I guess I’m freeling completely overwhelmed and unsupported by absolutely everyone in my life (except my siblings…and I am thankful for that). But my parents are making my life miserable, my MOH has been weird an kind of absent (didn’t even offer condolences about my uncle, or even ask how I was doing…she even knew him and stayed with me at their house for three weeks when she came with me to India once), and my FI is on the other side of the planet and may as well have dropped off the face of it. The most supported I’ve felt is after receivng a a really nice email from my FI’s cousin today….nothing crazy, I’ve only met her once, but just having anyone go out of their way to say something nice feels like so much. And I guess my vendors have been supportive…but I feel like it’s gotten pretty bad if the people who are amongst the most supportive in your life are your wedding vendors.
Of course, the hive has really been wonderful in offering good energy…I’m pretty sure I’d have completely lost it by now otherwise:)
Well, mostly just needed to vent. I feel like there’s no one really I can turn to right now for a bit of comfort and support….
Post # 3
Hang in there Fizics. You must be stocking up on good karma that will soon be headed your way 🙂
Post # 4
I agree with doctorgirl.
At least you do see the ray of hope that is shinning through.
I’ve been there with the FI except that he is not on the other side of world but right here. He also has to do crazy projects that takes up about 99.9% of his time and I often feel like I"m at the bottom.
I hope all turns out well with your parents.
I’m glad your siblings have been supportive and your vendors are working with you.
I belive that you’ll always have the hive to give you a quick pick me up if you need it.
Lots of hugs for you in your stressfull time and sorry about your uncle.
I hope tomorrow is a better day for you.
Post # 5
Okay, I zoned in on how sweet your FI’s cousin is to send you a nice email! Yayyy….fizics! It only takes one person sometimes to reach out and make you feel a tiny bit better.
BUT, girly, doctorgirl is right there for ya, and I’m right behind her. Love, hugs, and positivity to you honey, comin’ atcha.
I know how hard it is to be away for work, I did that for 2 years with my man, and it was me getting on the plane, all Bye, later. It used to break my heart, but oh gosh, nothing better than the pilot saying "Welcome to Boston"….yayyyyyyy I’m back, and 2 hrs from now, I’ll be HOME.
It sux royally, but yup. it’s for your future together…..okay, this may and probably will sound super silly, but this is my motto, live in the now & look forward to tomorrow. Y’all will be together soon, and work through it all together.
In the meantime, vent like a big dawg, we’re all here to listen & support you. (((Hugs)))
Post # 6
Sending hugs your way. If this is the worst of the worst, hopefully it gets better, right?

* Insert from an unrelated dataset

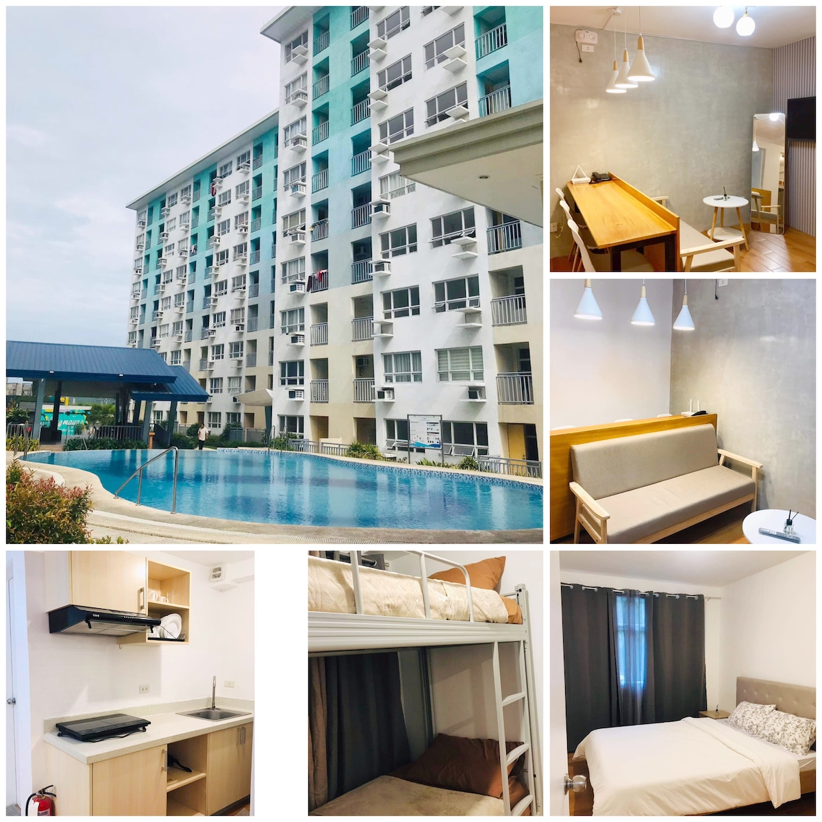 2 Beds & 1 Bath 1 Queen-size Bed, 1 Double Deck & Extra Foam 2 Aircons Large Cabinets 55” & 49” Smart TVs w/ Fast WiFi, FREE Amazon Prime & iWant movies Fridge, Water Dispenser & Purifier & Large Dining Table Shower w/ Heater, Washer 6th Flr Facing Pools and Clubhouses w/ Samal View 2 Elevators 2 Big Swimming Pools w/ Clubhouses Playground Area for Kids & Adults Basketball Court 24/7 Security Paid Parking Available Near Market, Food Stores, 24/7 Stores, Laundry, etc

Ugh i hear you on your FI being far away. When my FI was away, I was like "great now who do i vent to?!" and it really sucked. Now I talk to my cats like a big dorkus. Maybe treat yourself to a massage at your hotel? i know they’re pricey, but at least your company is paying you to be there. THat might help you just chill a little?
Post # 7
Has your sister tried talking to your Mom as well? I hope things for you get better. We’re here for you to vent. 🙂 *hugs* Things will work out in the end and you won’t even remember all this stressing and frustration years from now. 🙂 You can always get a massage or a facial to relax yourself, it will help!!